They impose themselves on men apart from reason and have the power to polarise men's thoughts and feelings in one direction. Pure reason had never such a power, for men were never impassioned by reason.
The religious form rapidly assumed by the Revolution explains its power of expansion and the prestige which it possessed and has retained.
Few historians have understood that this great monument ought to be regarded as the foundation of a new religion. The penetrating mind of Tocqueville, I believe, was the first to perceive as much.

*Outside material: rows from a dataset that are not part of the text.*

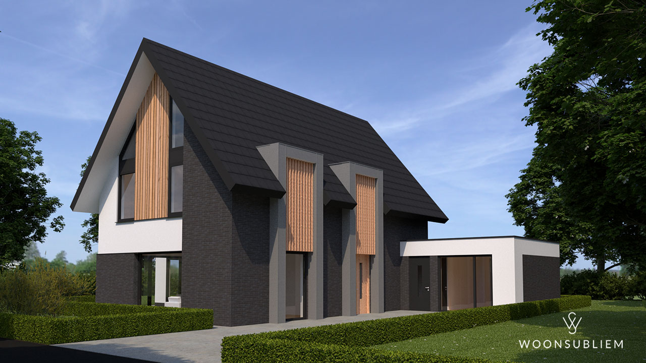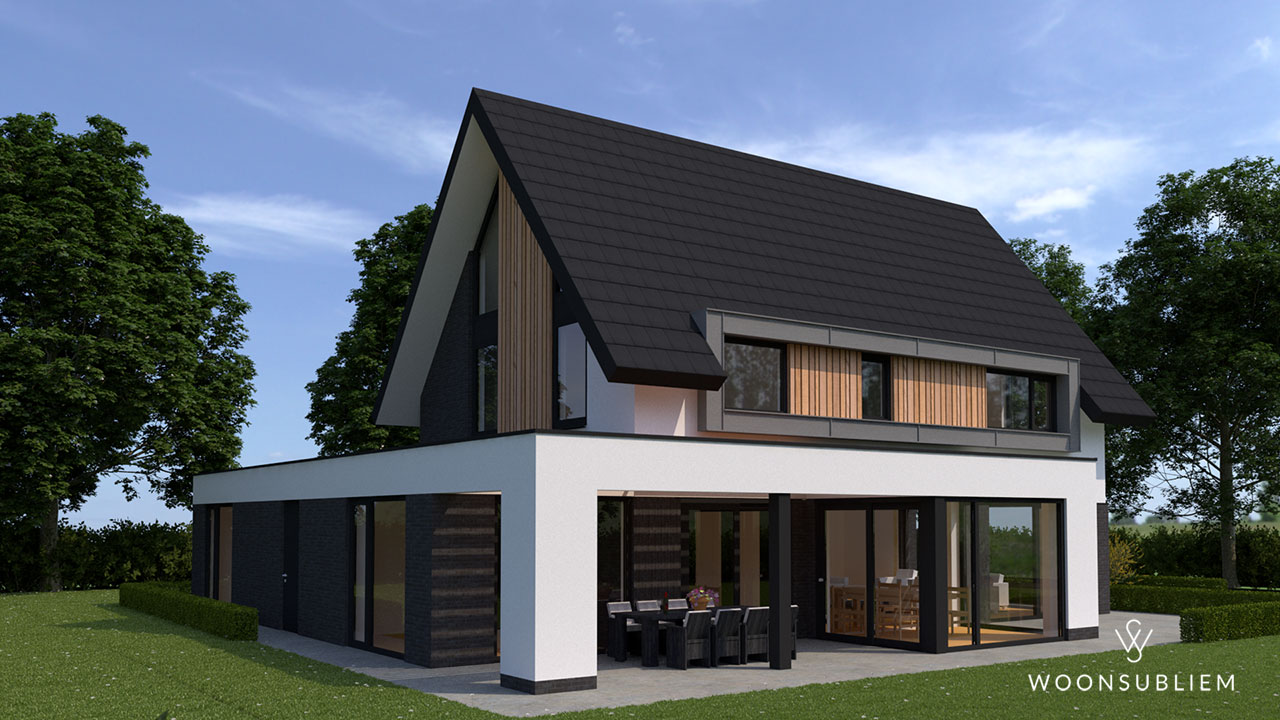 De platte aanbouw die de woning omarmt, herbergt aan de zuidgevel een riante beschutte veranda. Het ontwerp van de glazen puien en de wit gestucte veranda dragen bij aan een open uitstraling van de zuidgevel van dit woningontwerp.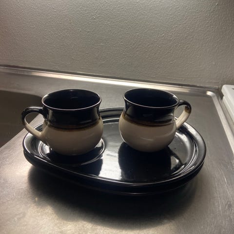 4kpl lautasia ja 6kpl kuppeja Kermansavi astiat . Kaikki ehjiä . Vain nouto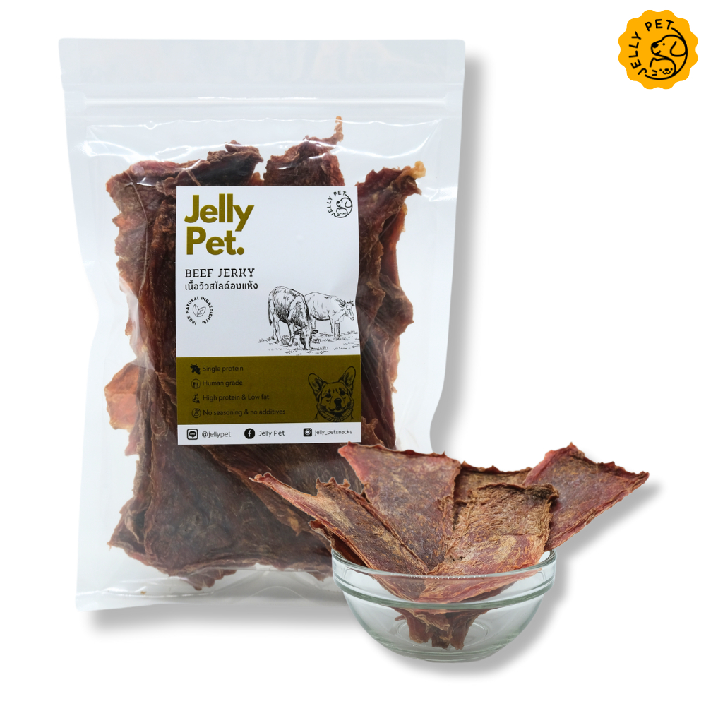 Jelly Pet Beef Jerky เนื้อวัวอบแห้ง 50-100กรัม ไม่เค็ม ไม่ปรุง ขนมสุนัขสุขภาพ ขนมแมวสุขภาพ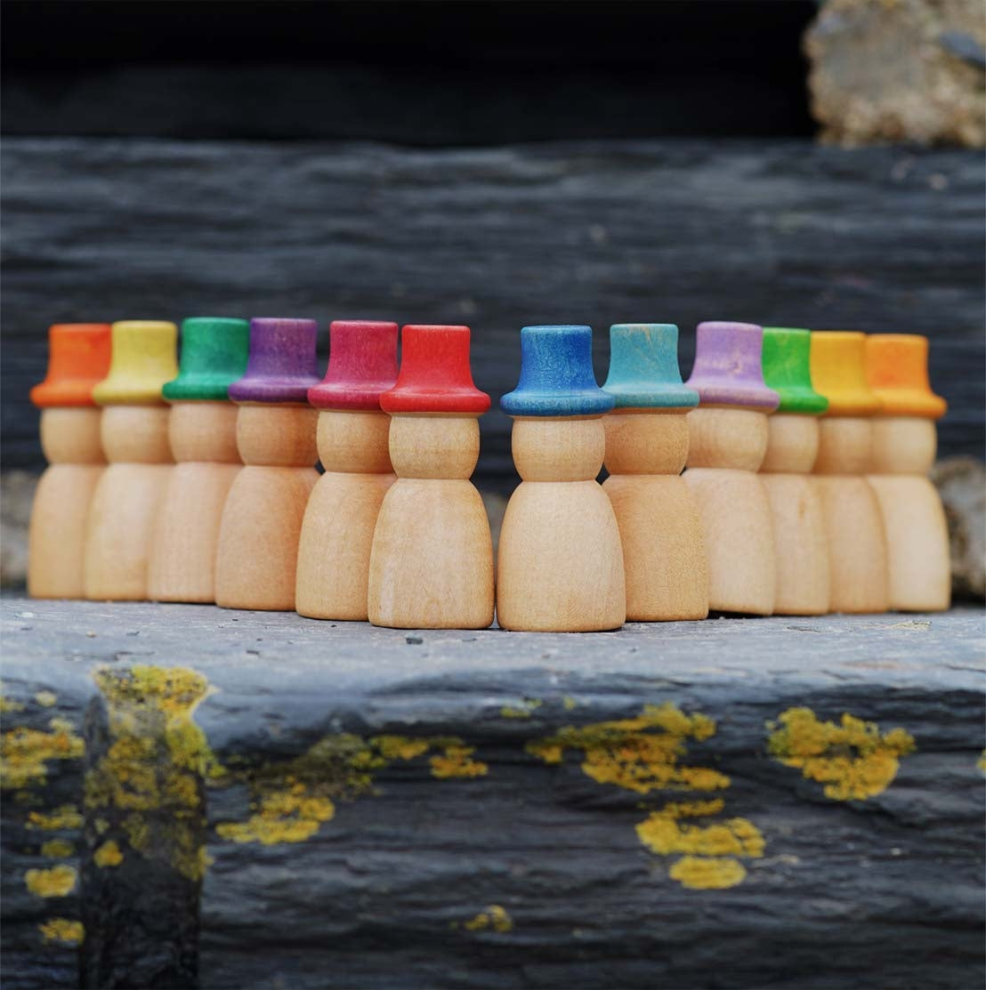 These Grapat Magos® are just delightful. beautiful natural wood with an explosion of rainbow colours on their heads. This is a short run limited edition product made by the hands of one of our favourite toy makers. Waldorf peg dolls will invite and foster a wonderful world of story-telling, involving a whole host of characters, from station master, to pirate, to gnome to flower fairy. These sustainable and open-ended Grapat peg dolls are presented without gender or expression, allowing your child's language to develop and for their imagination to take control.

``The French Revolution,'' he wrote, ``was a political revolution which operated in the manner of and assumed something of the aspect of a religious revolution. See by what regular and characteristic traits it finally resembled the latter: not only did it spread itself far and wide like a religious revolution, but, like the latter, it spread itself by means of preaching and propaganda. A political revolution which inspires proselytes, which is preached as passionately to foreigners as it is accomplished at home: consider what a novel spectacle was this.''
The religious side of the Revolution being granted, the accompanying fury and devastation are easily explained. History shows us that such are always the accompaniments of the birth of religions. The Revolution was therefore certain to provoke the violence and intolerance the triumphant deities demand from their adepts. It overturned all Europe for twenty years, ruined France, caused the death of millions of men, and cost the country several invasions: but it is as a rule only at the cost of such catastrophes that a people can change its beliefs.
Although the mystic element is always the foundation of beliefs, certain affective and rational elements are quickly added thereto. A belief thus serves to group sentiments and passions and interests which belong to the affective domain. Reason then envelops the whole, seeking to justify events in which, however, it played no part whatever.
At the moment of the Revolution every one, according to his aspirations, dressed the new belief in a different rational vesture. The peoples saw in it only the suppression of the religious and political despotisms and hierarchies under which they had so often suffered. Writers like Goethe and thinkers like Kant imagined that they saw in it the triumph of reason. Foreigners like Humboldt came to France ``to breathe the air of liberty and to assist at the obsequies of despotism.''
These intellectual illusions did not last long. The evolution of the drama soon revealed the true foundations of the dream.
2. Dissolution of the Ancien Regime. The assembling of the States General.
Before they are realised in action, revolutions are sketched out in men's thoughts. Prepared by the causes already studied, the French Revolution commenced in reality with the reign of Louis XVI. More discontented and censorious every day, the middle classes added claim to claim. Everybody was calling for reform.